Our transformation efforts were childish, to say the least, in most cases; putting the cart before the horse. Instead of allowing the private sector to thrive, we inflate the public sector. Instead of improving and empowering Nigerian construction companies, we specialize in foreign construction companies. We willingly accept Dutch disease by using the price of crude oil to determine the nation’s budgets, but we boast that “we want to diversify the economy.” Were these decisions imposed on us by the West? Let’s stop pointing fingers in the wrong direction and look in the mirror.

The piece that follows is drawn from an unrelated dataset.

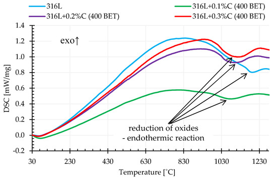 Differential scanning calorimetry (DSC) allowed determination of the influence of the composition of tested mixtures of powders and sintering temperature on the rate of heat supplied to the tested sample in relation to the control sample. Based on the obtained calorimetric curves, it was found that in the temperature range from about 900 °C to 1200 °C, the addition of graphite powder caused an increase in the rate of heat supply to the test sample in relation to the control sample. This is demonstrated by the endothermic peaks visible on the recorded curves. The sizes of these peaks, understood here as the areas under the peaks, were the higher, the higher the isothermal sintering temperature, amount of carbon addition and BET specific surface area of the graphite particles. This is due to the fact that the reaction of metal oxide reduction is endoenergetic, and as demonstrated in the conducted tests, in the case of sintering of AISI 316L powder with the addition of graphite, the reactions of oxide reduction occurred more intensively compared to unmodified steel powder. It is also worth emphasizing that in the case of measurements carried out for loosely filled, unmodified powder of the tested stainless steel, a significant shift of the recorded thermal effect towards higher temperatures and a significant reduction of its intensity in relation to samples with the addition of graphite powders were observed. Figure 13 shows examples of calorimetric curves for the heating stage to a temperature of 1280 °C determined for pure austenitic stainless steel powder and its mixtures with the addition of 0.1%, 0.2%, and 0.3% by weight of graphite nanopowder with a BET specific surface area of its particles equal to 400 m2/g.

“The 1999 Constitution is the problem; it cannot offer transformation. Either we restructure or we split. Return power to the states or regionalism”, are other pronouncements. All the knee-jerk reactions to our stunted development and transformation of society are not triggered by his political gimmick. In other words, the transformation does not begin with the adopted political organization chart. Transformations, revolutions, etc. they begin with new ideas, new thoughts, and new perceptions. These new ideas give rise to new political ideologies that form the core of how new constitutions are crafted. Professor Ben Nwabueze, one of the main proponents of that constitution, explained that the 1979 Constitution, from which the 1999 Constitution was copied, was designed that way by those who felt a strong center would unite us, and not precisely because one part of the country would dominate the other.

As I applied with strong institutions, I also applied with constitutions. It cannot be deliverable anywhere other than what those who will operate the constitution will allow it to deliver. Our internal constitution and customs may be of more importance than a collective document. Only our internal constitution can allow the noble spirit of a constitution to be transformative.